9.2 Winding Up. Upon the occurrence of any event specified in Section 9.1, the
Company shall continue for a period of 3 months (the "Winding-Up Period"),
solely for the purpose of winding up its affairs in an orderly manner,
liquidating its assets, and satisfying the claims of its creditors. The Manager,
or if any Member has wrongfully dissolved the Company, the other Member, shall
oversee the winding up and liquidation of Company, shall take full account of
the liabilities of Company and assets, shall either cause its assets to be sold
as promptly as is consistent with obtaining the fair market value thereof or,
with the consent of both Members, distributed and, if sold, shall cause the
proceeds therefrom, to the extent sufficient therefor, to be applied and
distributed as provided in Section 9.4.
15
9.3 Distributions in Kind. Other than Designated Pictures and all distributable
non-monetary assets related to Designated Pictures, which shall be distributed
to the Designating Member of the subject Designated Picture, any non-monetary
asset distributed to one or more Members shall first be valued at its fair
market value to determine the Net Profits or Net Losses that would have resulted
if such asset were sold for such value, such Net Profits or Net Losses shall
then be allocated pursuant to Article V and the Members' Capital Accounts shall
be adjusted to reflect such allocations.
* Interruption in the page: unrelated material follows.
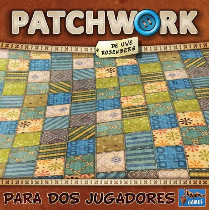 En Patchwork, dos jugadores compiten para construir la colcha más estética en un tablero personal 9×9. Los jugadores comienzan con cinco botones como moneda. En tu turno, compras uno de tres parches disponibles o pasas. Al comprar, pagas botones, mueves el marcador y colocas el parche en tu tablero. Ganas botones adicionales al pasar ciertos puntos del track de tiempo. El primer jugador en llenar un cuadrado 7×7 gana 7 puntos extra. El juego termina cuando ambos llegan al centro. Gana quien tenga más puntos, sumando botones y restando espacios vacíos.

The amount distributed and charged to
the Capital Account of each Member receiving an interest in such distributed
asset shall be the fair market value of such interest (net of any liability
secured by such asset that such Member assumes or takes subject to). The fair
market value of such asset shall be determined by the Members; provided,
however, that, if the Members do not agree on the fair market value, either
Member, by notice to the other Member, may require the determination of fair
market value to be made by an independent professional appraiser specified in
such notice. The determination of the independent professional appraiser,
however designated, will be final and binding on all parties. The Members each
shall pay one-half of the costs of the appraisal. Notwithstanding the foregoing,
if the Member receiving notice as aforesaid objects on or before the tenth day
following receipt to the independent professional appraiser designated in the
notice, and the Members otherwise fail to agree on an independent professional
appraiser within ten days thereof, each Member shall, within the following
15-day period, designate an independent professional appraiser, who together
shall, within ten days after both of them have been designated, select a third
independent professional appraiser. The determination of a majority of the three
appraisers so designated as to fair market value of the asset shall be final and
binding on all parties. Each Member shall pay the costs of the appraiser
designated by it and shall pay one-half of the costs of the third appraiser so
designated. Each appraiser shall have at least five years current experience in
appraising investments such as the Business within the Los Angeles, California,
area and shall be unaffiliated and independent of the Members and their
respective affiliates.
9.4 Order of Payment of Liabilities Upon Dissolution. After (i) determining that
all the known debts and liabilities of the Company in the process of winding up,
including without limitation the Note and any other debts and liabilities to
Members who are creditors of the Company, have been paid or adequately provided
for ("Ordinary Business Debt Payments"), (ii) Recoupment and Replenishment, if
applicable, and (iii) distributions of Distributable Cash pursuant to Section
5.4, if applicable, the remaining assets shall be distributed between the
Members in accordance with their respective positive Capital Account balances,
after taking into account allocations for the fiscal year during which
liquidation occurs. Such liquidating distributions shall be made by the end of
the fiscal year in which the Company is liquidated, or, if later, within 30 days
after the date of such liquidation. All payments to the Members upon the winding
and dissolution of Company shall be strictly in accordance with the positive
capital account balance limitation and other requirements of Treas. Reg. ss.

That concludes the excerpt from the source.